French inquiry begins into alleged assault on photographer by police
French investigators have opened an internal inquiry into how a Syrian photographer covering a demonstration in Paris was seriously injured, amid a heated national debate over police violence.
Ameer al-Halbi was pictured with blood pouring from his bandaged head on Saturday after a police officer allegedly hit the journalist in the face with a truncheon.
Halbi, 24, was covering a protest against the controversial global security law in the city on Saturday, which passed off peacefully before clashes between police and casseurs, black-clad young people who torched cars, a brasserie and smashed shop windows.
French authorities have confirmed the Inspection Générale de la Police Nationale (IGPN) – known as the police of the police – have been asked to look into how the photographer from Aleppo, who has been living in France for three years, was injured.
Reporters Sans Frontières (RSF) and the news agency AFP, for whom he often worked, condemned the alleged attack and demanded an inquiry.
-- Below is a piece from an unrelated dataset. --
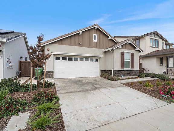 Beautiful 2024-built single-story home in a desirable new community in Elk Grove, offering 1,678 sq ft with 3 bedrooms and 2 baths. This modern residence features upgraded cabinets, window blinds, and an open-concept layout that fills the home with natural light. Energy-efficient upgrades include owned solar, a whole house fan, and a Tesla wall charger, providing both comfort and savings. The kitchen comes fully equipped with all appliances, and the home is truly move-in ready with a fully landscaped backyard perfect for outdoor gatherings. Located near new parks, top-rated schools, and convenient shopping, this property offers a wonderful blend of style, efficiency, and prime Elk Grove living.

Representatives of the national journalists’ union SNJ-SGT said police and the interior minister, Gérald Darmanin, should apologise.
François Pallud, who was at the protest with Halbi, told Le Monde: “He was in the street with other photojournalists. To avoid getting in the way of the police charge they were flattened against the wall … shouting ‘press, press’. During the charge a CRS [riot police officer] broke rank very briefly and hit him in the face with a truncheon. It wasn’t what you’d call a beating, it lasted only about a second.”
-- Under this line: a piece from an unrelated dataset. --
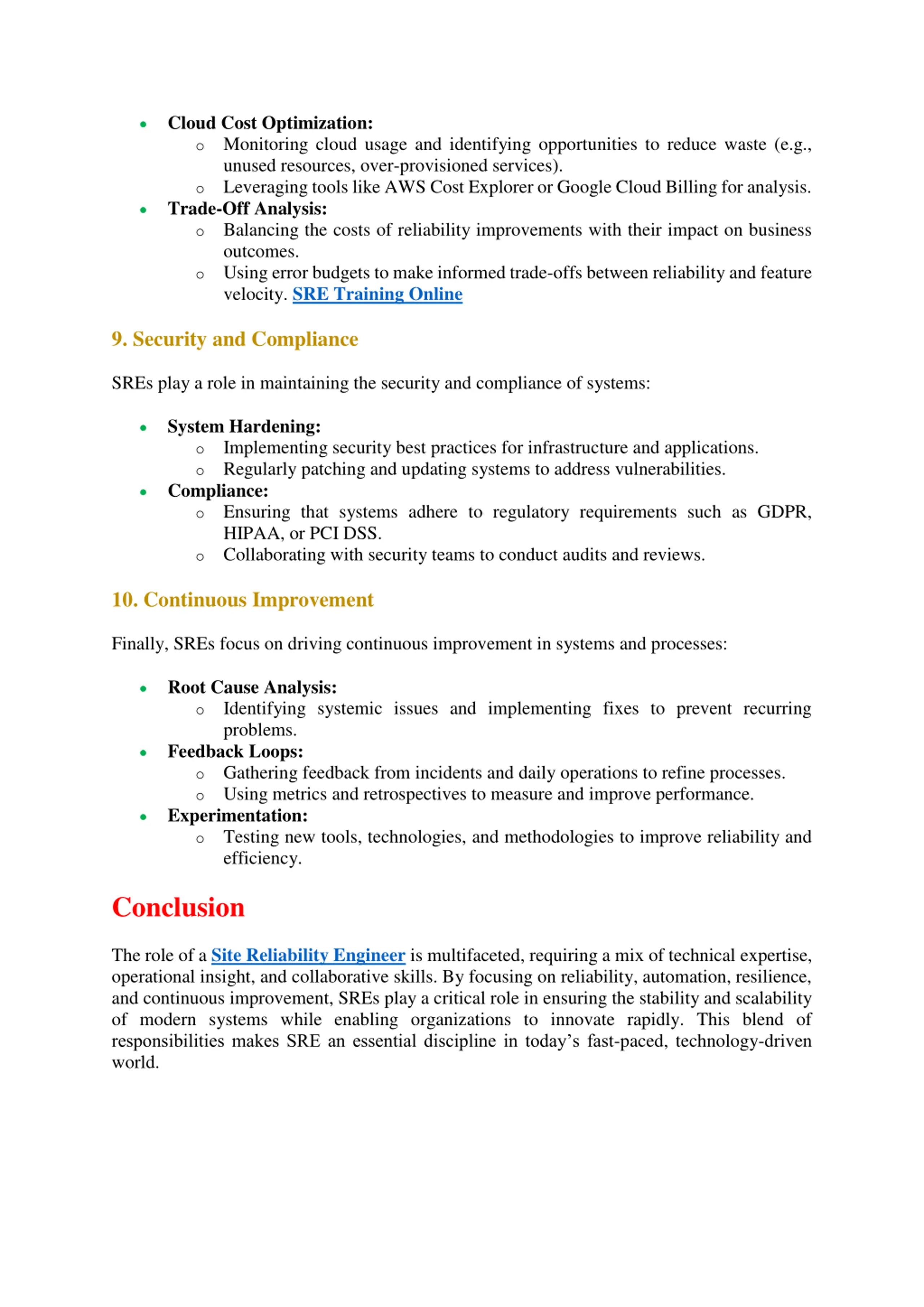 Cloud Cost Optimization: oMonitoring cloud usage and identifying opportunities to reduce waste (e.g., unused resources, over-provisioned services). oLeveraging tools like AWS Cost Explorer or Google Cloud Billing for analysis. Trade-Off Analysis: oBalancing the costs of reliability improvements with their impact on business outcomes. oUsing error budgets to make informed trade-offs between reliability and feature velocity. SRE Training Online 9. Security and Compliance SREs play a role in maintaining the security and compliance of systems: System Hardening: oImplementing security best practices for infrastructure and applications. oRegularly patching and updating systems to address vulnerabilities. Compliance: oEnsuring that systems adhere to regulatory requirements such as GDPR, HIPAA, or PCI DSS. oCollaborating with security teams to conduct audits and reviews. 10. Continuous Improvement Finally, SREs focus on driving continuous improvement in systems and processes: Root Cause Analysis: oIdentifying systemic issues and implementing fixes to prevent recurring problems. Feedback Loops: oGathering feedback from incidents and daily operations to refine processes. oUsing metrics and retrospectives to measure and improve performance. Experimentation: oTesting new tools, technologies, and methodologies to improve reliability and efficiency. Conclusion The role of a Site Reliability Engineer is multifaceted, requiring a mix of technical expertise, operational insight, and collaborative skills. By focusing on reliability, automation, resilience, and continuous improvement, SREs play a critical role in ensuring the stability and scalability of modern systems while enabling organizations to innovate rapidly. This blend of responsibilities makes SRE an essential discipline in today s fast-paced, technology-driven world.

Pallud suggested police targeted Halbi because he was spotted photographing a demonstrator being hit by a police officer. Christophe Deloire, RSF’s secretary general, wrote on Twitter: “Ameer came to France from Syria for safety, like several other Syrian journalists. The country of human rights shouldn’t be threatening him but protecting him.”
Halbi, a prize-winning photographer, said he was not wearing any protective clothing or equipment because police had confiscated it while he was covering the gilets jaunes protests in 2018. He also said he did not have a press card.
The investigation is the latest in a series to focus on allegations of police violence, including cases involving officers being filmed beating a music producer, tripping up a migrant and targeting a journalist.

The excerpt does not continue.